Published online by Cambridge University Press: 21 October 2015
With an area of 920.5 square kilometres and a population of 2.16 million, with 1.2 million living in Hanoi proper, the population density of Hanoi is the highest in the country: 2,161 people per square kilometres in Hanoi, and 24,558 people in the inner city area (noi thanh). Average housing space per person decreased from 5.1 square metres in 1954 to 2.3 metres in 1982, and 1.2 metres in 1992. Incomplete statistics for unemployment in Hanoi put it at 140,000 in 1991, and 181,000 in 1992. Theoretically the policy on migration to Hanoi still states that “Only migrants with selected skills or abilities are allowed into the city”.

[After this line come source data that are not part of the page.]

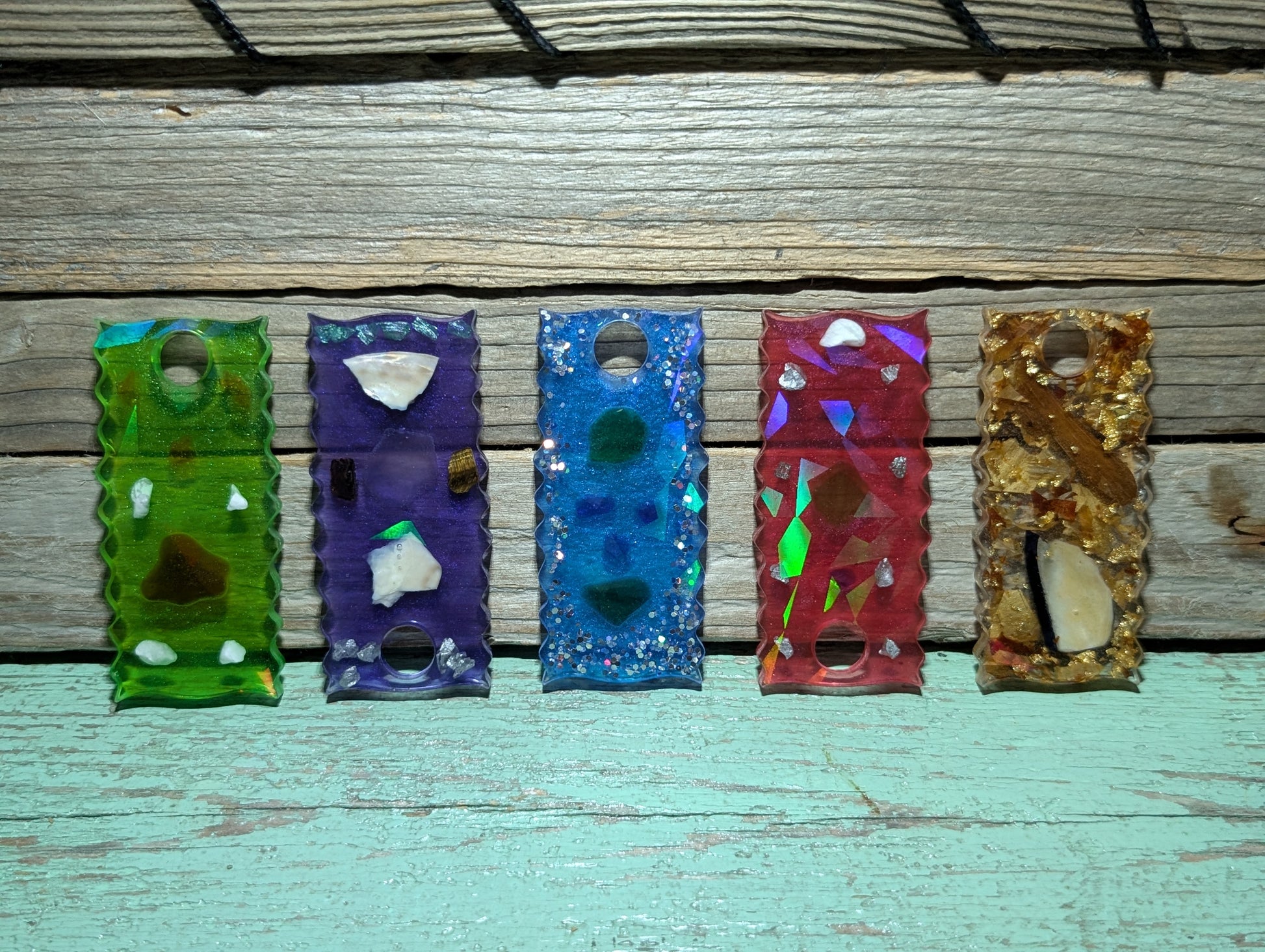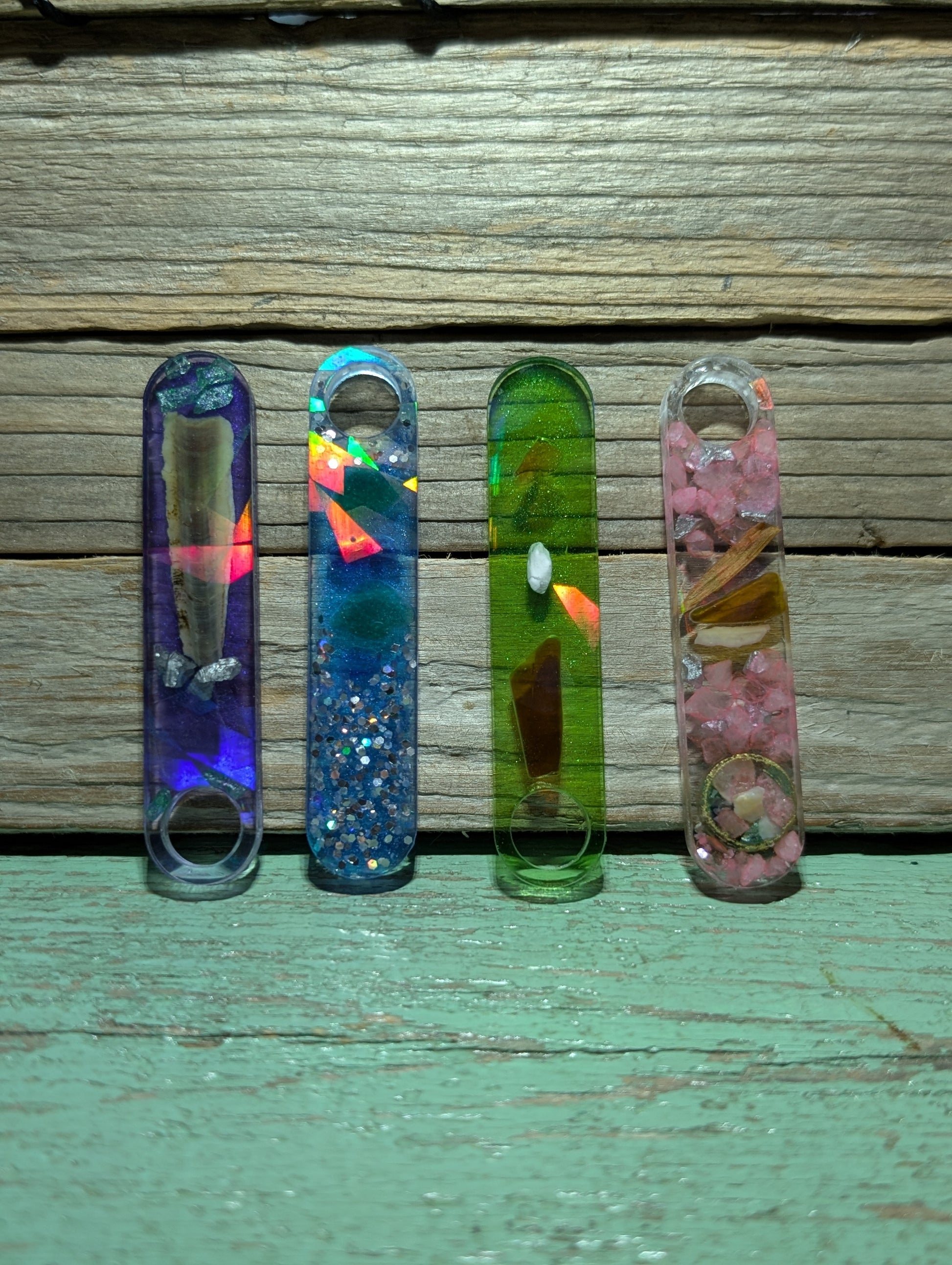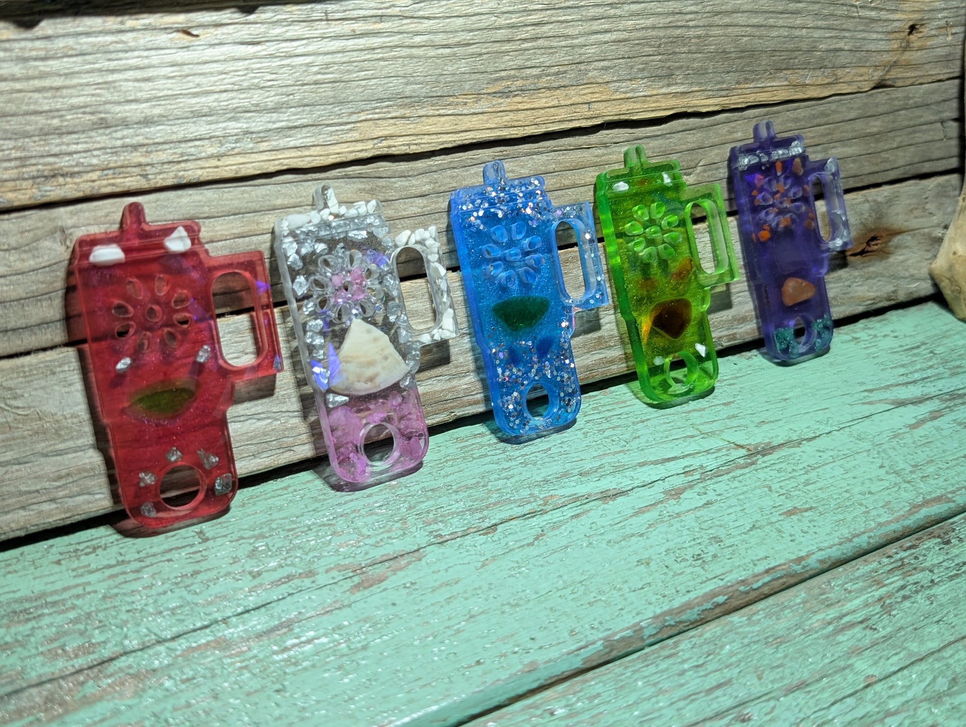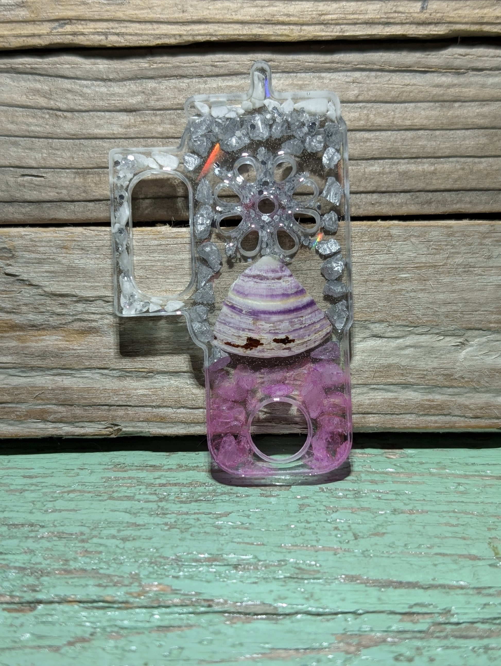 Made from a dazzling halographic mold and epoxy resin, these beauties flaunt genuine Atlantic Ocean beach treasures like tumbled glass, shell, stones and driftwood.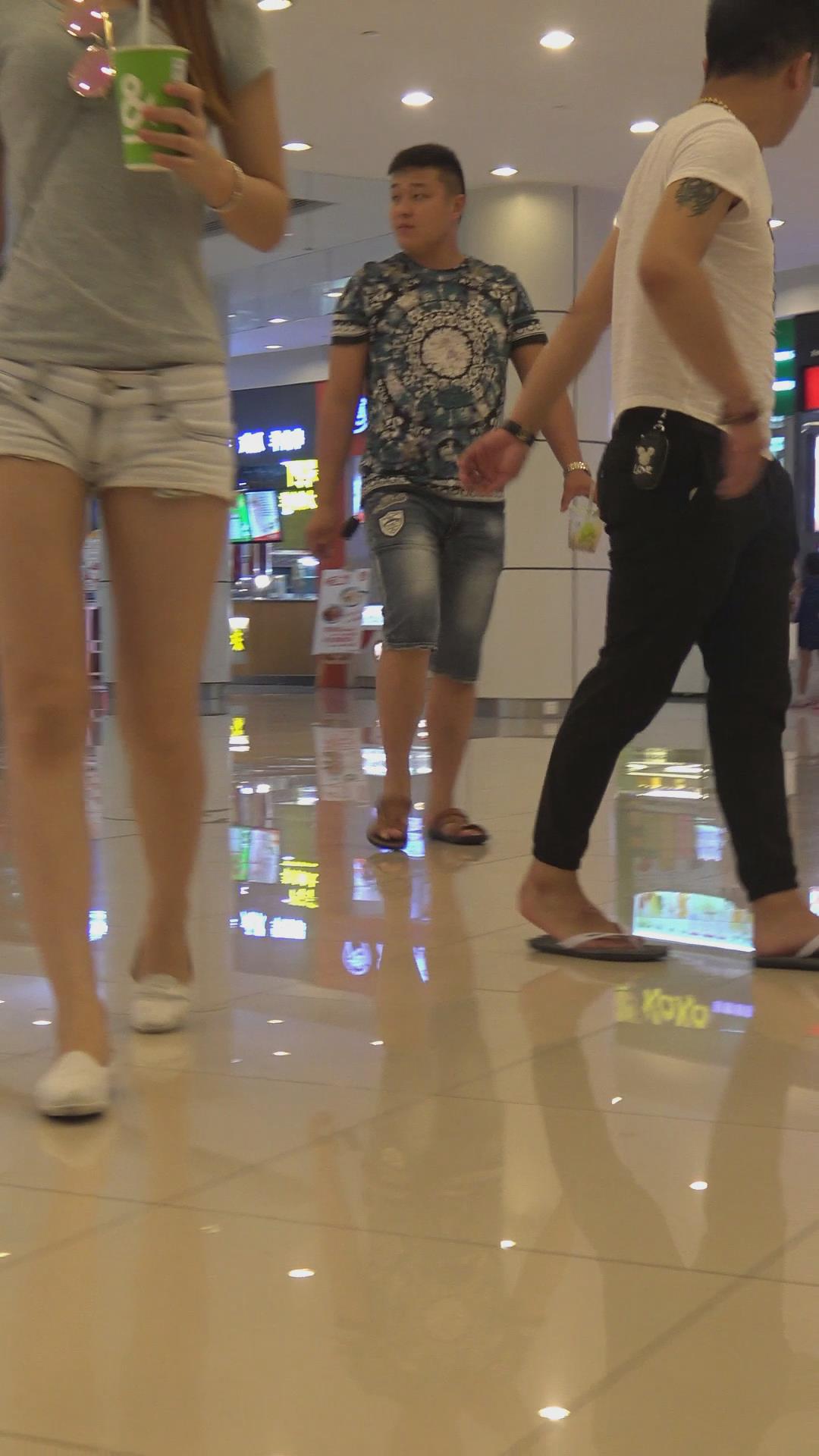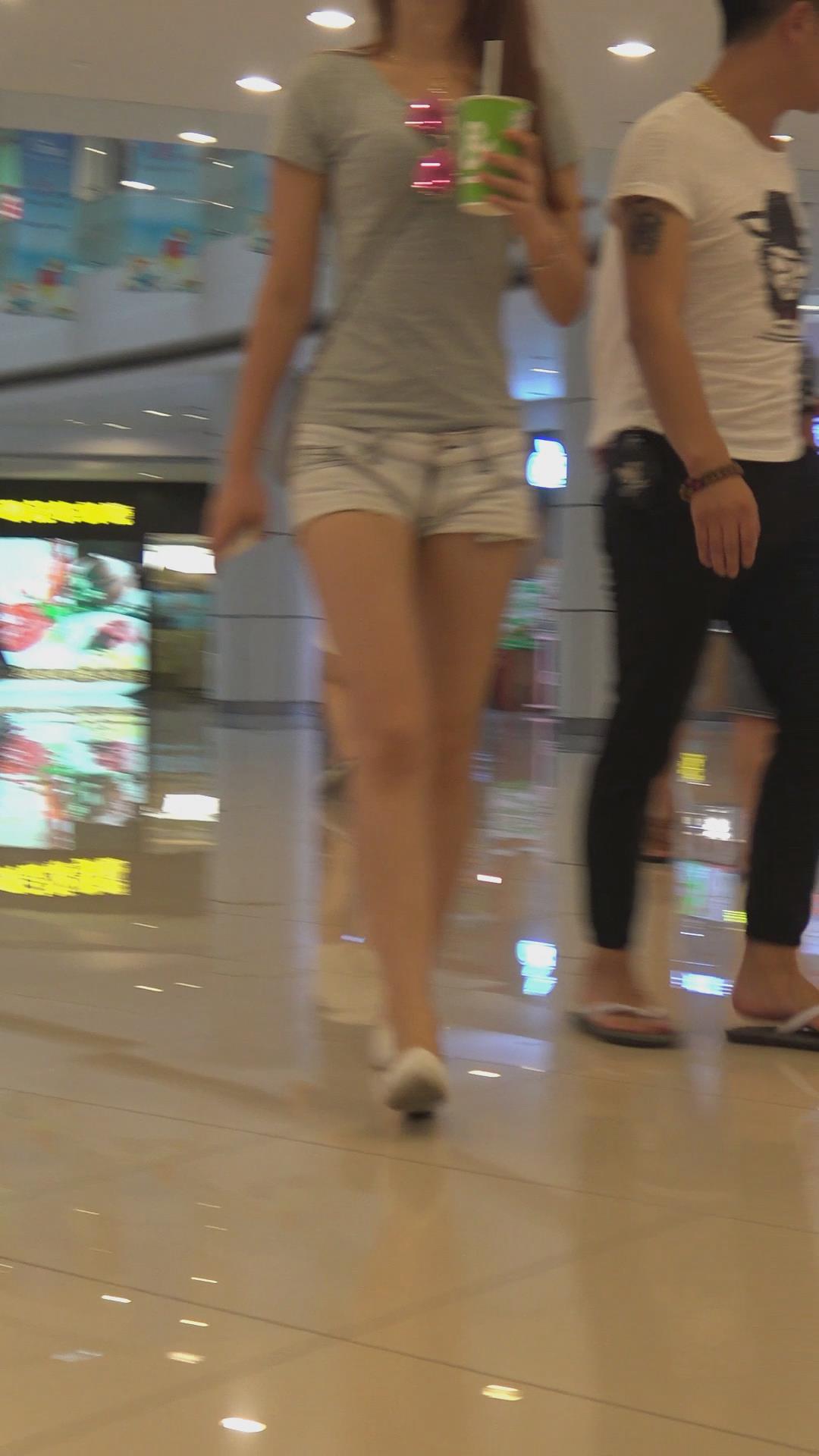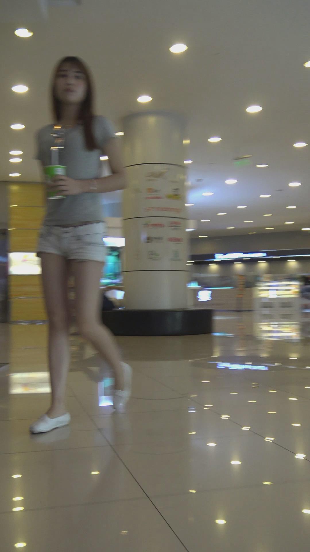 商场拍摄长腿热裤青春活力妹子,这feel如同模特走秀 编号4273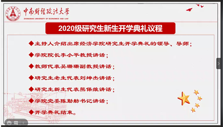 (通讯员:丁乙宸)9月9日下午四点半,受疫情防控要求,经济学院2020级研究生新生开学典礼以网络视频方式顺利召开。经济学院党委书记陈勤舫老师、经济学院院长李小平教授、经济学院党委副书记詹万明老师、经济学院副院长罗良文教授、各专业导师以及全体2020级硕士、博士研究生新生出席典礼,本次典礼由经济学院副院长罗良文教授主持。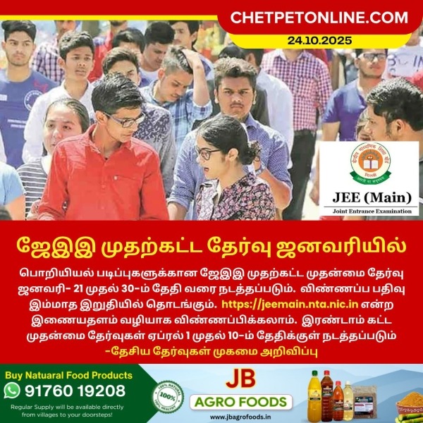 ஜேஇஇ முதற்கட்ட தேர்வு ஜனவரியில் – தேசிய தேர்வுகள் முகமை அறிவிப்பு!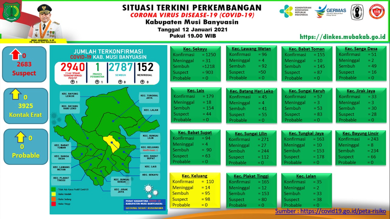 “Bertambah 1 kasus positif per 12 Januari 2022,” ungkap Jubir Gugus Tugas Penanganan COVID-19 Muba, Seftiani Peratita SS MKes.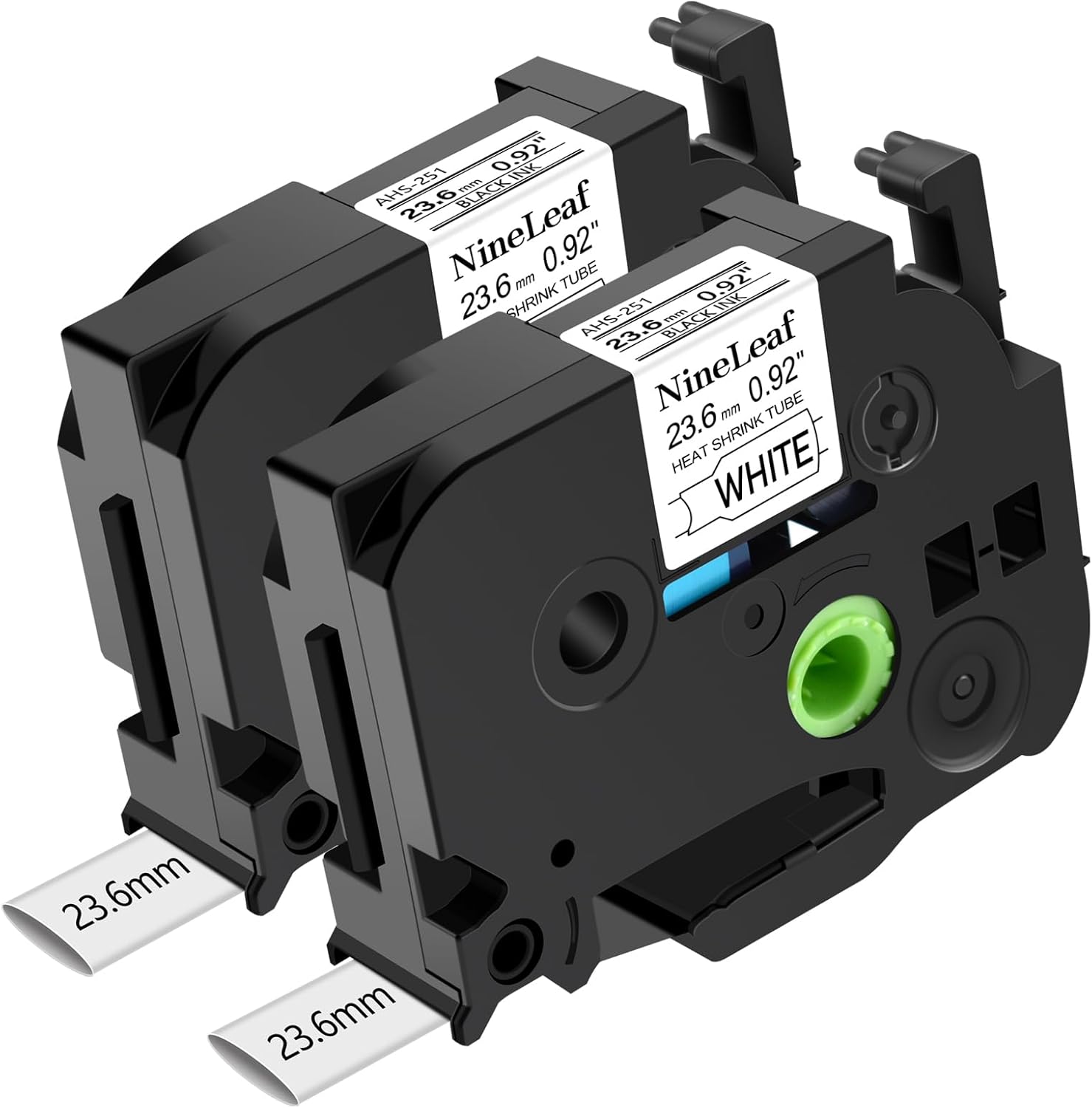 NineLeaf 2 Pack Compatible Label Tape Replacement for Brother P-Touch Black on White 23.6mm 0.92'' HSe-251 HSe251 HS-251 HS251 Heat Shrink Tubes Work for Ptouch PT-D800W D600 P710BT P750W P900W

One of Hanoi's characteristics is its semi-rural nature, developed within the framework of a larger agricultural society. Although established as the capital since ad 1010 it retains some semblance of this characteristic today. For a long time villages existed within the city, the so called thap tam trai (13 stockaded villages) is a case in point. Some place names in Hanoi such as Giang Vo, where the largest labour market is, and Ngoc Ha and Kim Ma, are actually names of villages. Andre Masson, a French scholar, commented early this century, “Strictly speaking, Hanoi in 1873 was not a city but a composite agglomeration where an administrative capital, a commercial town and numerous villages were juxtaposed within the same enclosure”.
Ke Cho, the most ancient name for Hanoi, literately means “the place where markets are”, which was situated opposite to Ke Que — (countryside). It was said that in mid-1954, one family in every two made its living from trade and the trade was linked closely to the surrounding countryside stretching into the provinces around the city. For instance, the well known 36 streets (36 pho phuong) in the heart of Hanoi each specialized in a certain trade or a kind of product, as Samuel Baron described in 1685: “All of the diverse objects sold in this town have a specially assigned street, quite like the different companies and corporations in European cities”.